RookieJunChen commented 2 years ago

Thanks for your detailed comments!

Thanks for your reply! I think there might be some confusion here. What confused me is that AvgPool1d appeared after Conv1d seems to make Conv1d cannot extract any features. Perhaps the multi-channel attention mechanism should be implemented in other ways here.

On this point, in fact, I personally compared when doing experiments, after using the multi-scale Conv1d, the performance is still improved compared to the previous, so I think this part still has some role to play.

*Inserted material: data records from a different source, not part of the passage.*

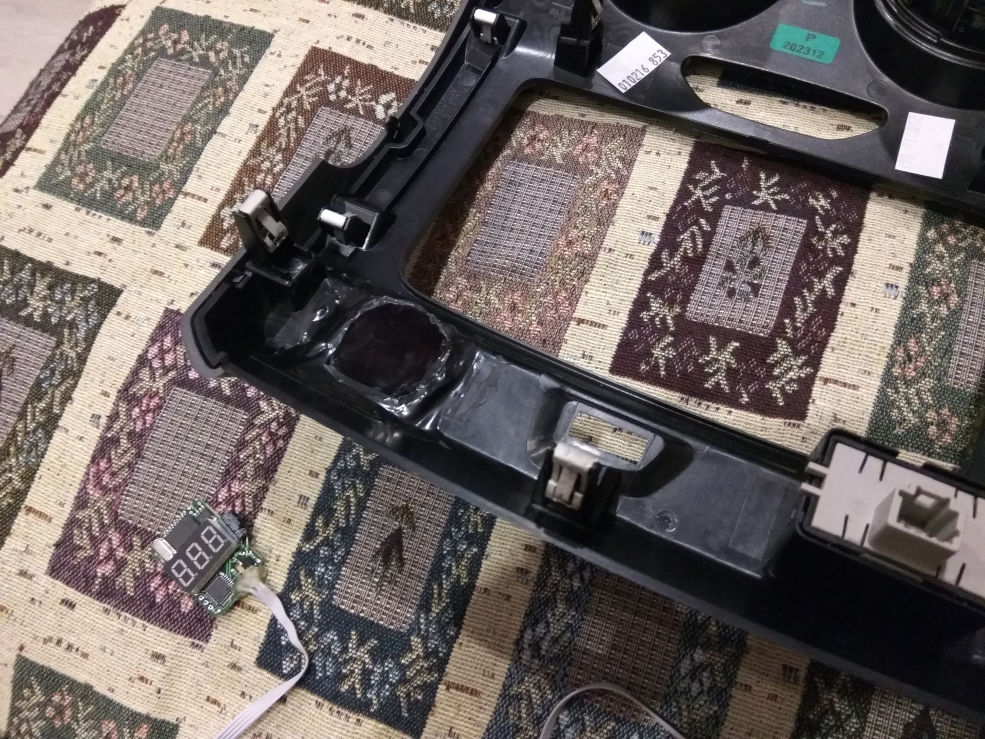 Классно получилось! А у меня вместо заглушки кнопка выключения парктроника — жалко было её аннулировать. В итоге я поставил индикатор температуры в другое место, более колхозно: www.drive2.ru/l/462935353175572651/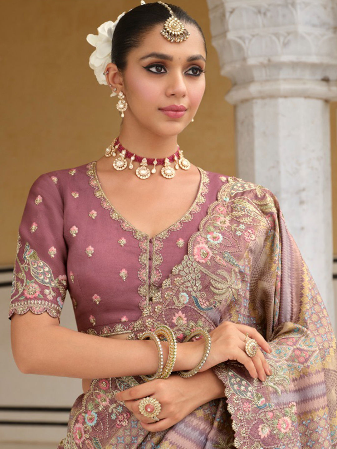 Purple and Violet color Saree in Silk fabric with Embroidered, Sequence, Thread work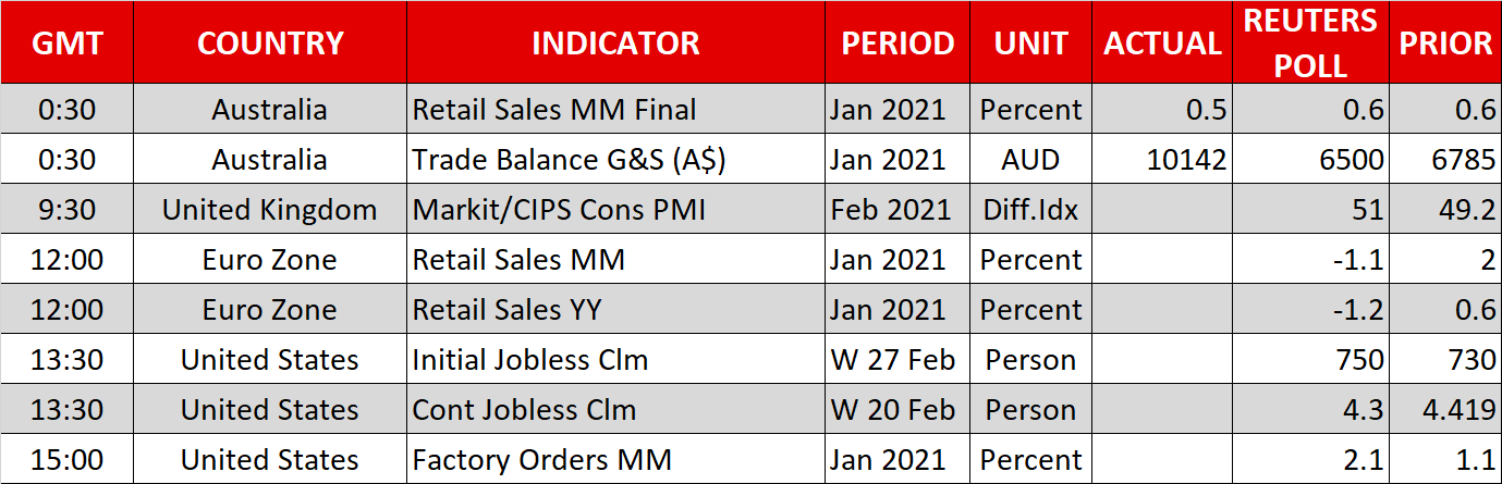 As Chair Jerome Powell prepares to deliver his final remarks before the Fed’s blackout period begins ahead of the March 16-17 policy meeting, speculation is growing that he will use today’s event to signal some action in the bond market. Powell is due to speak at an online Wall Street Journal jobs summit at 17:05 GMT and although it’s not very probable that he will announce a policy shift, he could sound more concerned about the spike in yields than he did in his last appearance.
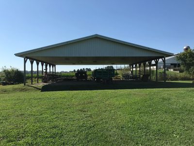 Creekside Pavilion is a great location for large groups (75+) as there is seating for 100 plus extra room for food serving lines and people to mingle. This rental also includes two bonfire pits. The pavilion is centrally located near the corn maze and a short walk to the play area. RESERVATIONS ARE REQUIRED so book today to secure your event date and get ready to make a fall memory!

747929791 commented 2 years ago

Indeed this improvement makes performance a bit better. I'm just curious about its core mechanics. Whether it resembles a regularization strategy or a data augmentation strategy. And whether there are effective alternatives and optimization spaces in terms of storage footprint and computational load.

Thank you for your reply! :grinning:

RookieJunChen commented 2 years ago

I didn't think about this as much as you did when I did this work before! So I haven't tried this point you mentioned either. Your idea is really valuable, maybe you can try this comparative experiment?